◆ **TO DO**: Pictures excluded, return the lines below from the first through the line holding "Uma onda gigante".

◆ **DATA TO PROCESS**:

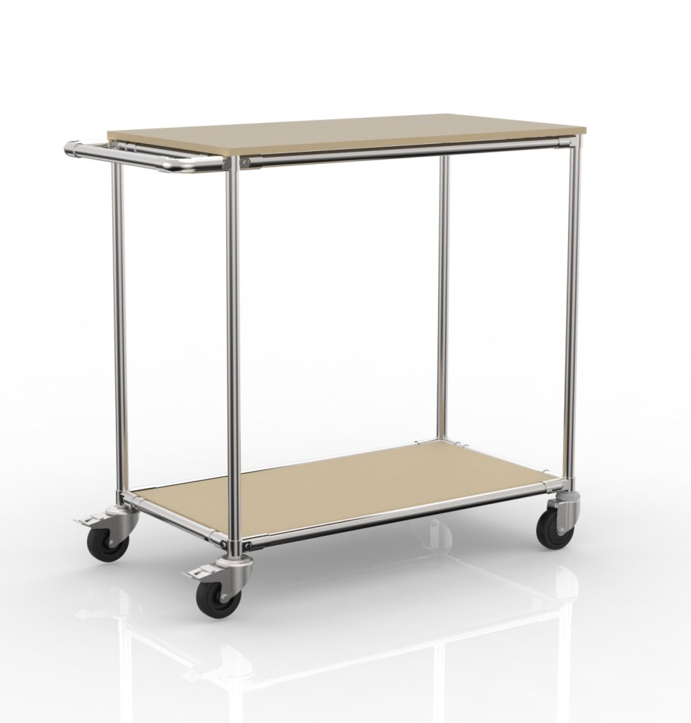 Transportní vozík z trubkového stavebnicového systému je šikovným pomocníkem vhodným do průmyslových prostor, skladů a výrobních hal. Díky své robustní konstrukci a vysoké nosnosti je ideálním řešením pro přepravu široké škály zboží a materiálů. Lamino deska tloušťky 18 mm poskytuje pevný a stabilní odkládací plochu. Nosnost vozíku 300 kg, nosnost patra 100 kg. Vozík je vybaven kolečky o průměru 120 mm, které umožňují snadný a plynulý pohyb.
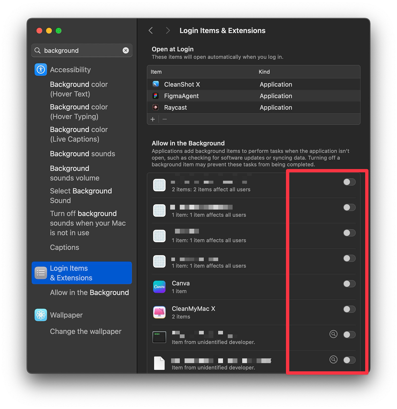 The solution: Head to System Settings → General → Login Items & Extensions→ Background Items. Review the list and disable anything that isn’t essential.
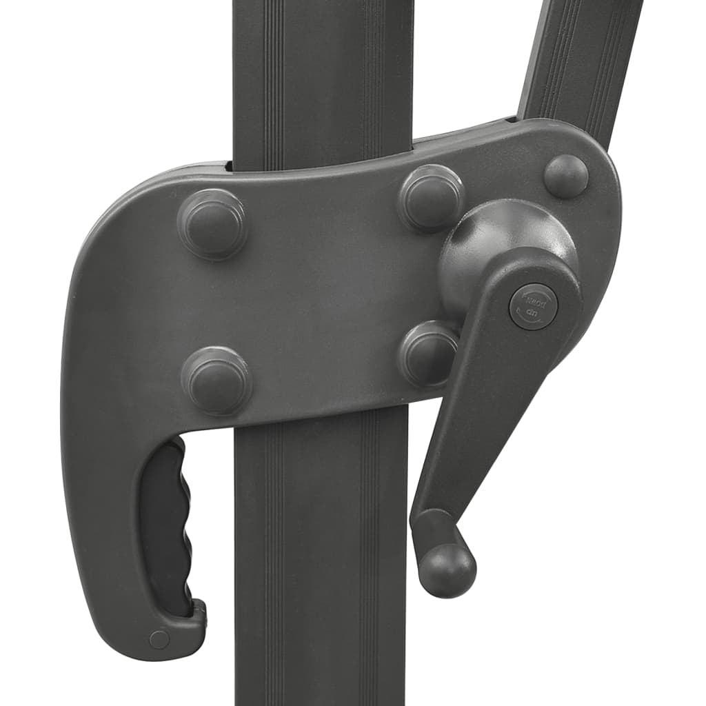 Parasolovertrækket er lavet af UV-beskyttende og falmebestandigt polyester og giver dig optimal beskyttelse mod solen og er nemt at rengøre. Det har en robust krydsfod for at øge stabiliteten. Parasollens eksklusive design giver dig mulighed for at vippe og dreje den 360 grader for at blokere for solen. Den stærke aluminiumsstang sammen med de 8 ribber gør parasollen meget stabil og holdbar. Denne haveparasol kan nemt åbnes og lukkes takket være håndsvingmekanismen. Derudover hjælper den dobbelte baldakin med ventilation.
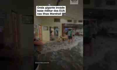 Uma onda gigante invadiu o restaurante de uma base militar dos Estados Unidos na ilha de Roi Namur, que faz parte das Ilhas Marshall, localizadas na...
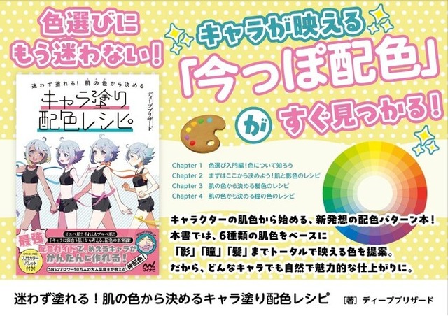 [画像4: https://prcdn.freetls.fastly.net/release_image/16440/108/16440-108-f89cf9ff6167fb2508d5c951fe75373a-1061x1500.jpg?width=536&quality=85%2C75&format=jpeg&auto=webp&fit=bounds&bg-color=fff ]迷わず塗れる!肌の色から決めるキャラ塗り配色レシピ著作者名:ディープブリザード
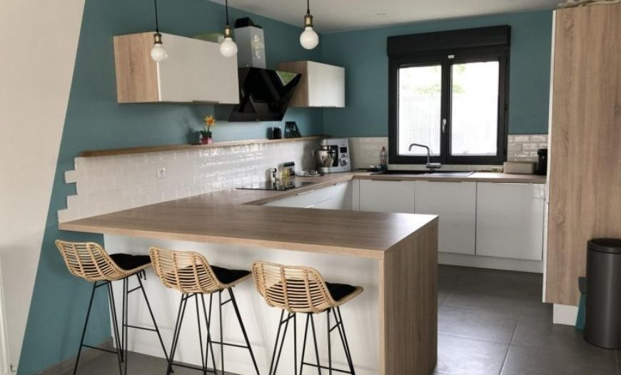 Если не отходить от канонов скандинавского стиля, остаётся только сделать кухню углом, организовав паркинг для техники и утвари:

◆ **OUTPUT OF THE EXERCISE**:
 Transportní vozík z trubkového stavebnicového systému je šikovným pomocníkem vhodným do průmyslových prostor, skladů a výrobních hal. Díky své robustní konstrukci a vysoké nosnosti je ideálním řešením pro přepravu široké škály zboží a materiálů. Lamino deska tloušťky 18 mm poskytuje pevný a stabilní odkládací plochu. Nosnost vozíku 300 kg, nosnost patra 100 kg. Vozík je vybaven kolečky o průměru 120 mm, které umožňují snadný a plynulý pohyb.
 The solution: Head to System Settings → General → Login Items & Extensions→ Background Items. Review the list and disable anything that isn’t essential.
 Parasolovertrækket er lavet af UV-beskyttende og falmebestandigt polyester og giver dig optimal beskyttelse mod solen og er nemt at rengøre. Det har en robust krydsfod for at øge stabiliteten. Parasollens eksklusive design giver dig mulighed for at vippe og dreje den 360 grader for at blokere for solen. Den stærke aluminiumsstang sammen med de 8 ribber gør parasollen meget stabil og holdbar. Denne haveparasol kan nemt åbnes og lukkes takket være håndsvingmekanismen. Derudover hjælper den dobbelte baldakin med ventilation.
 Uma onda gigante invadiu o restaurante de uma base militar dos Estados Unidos na ilha de Roi Namur, que faz parte das Ilhas Marshall, localizadas na...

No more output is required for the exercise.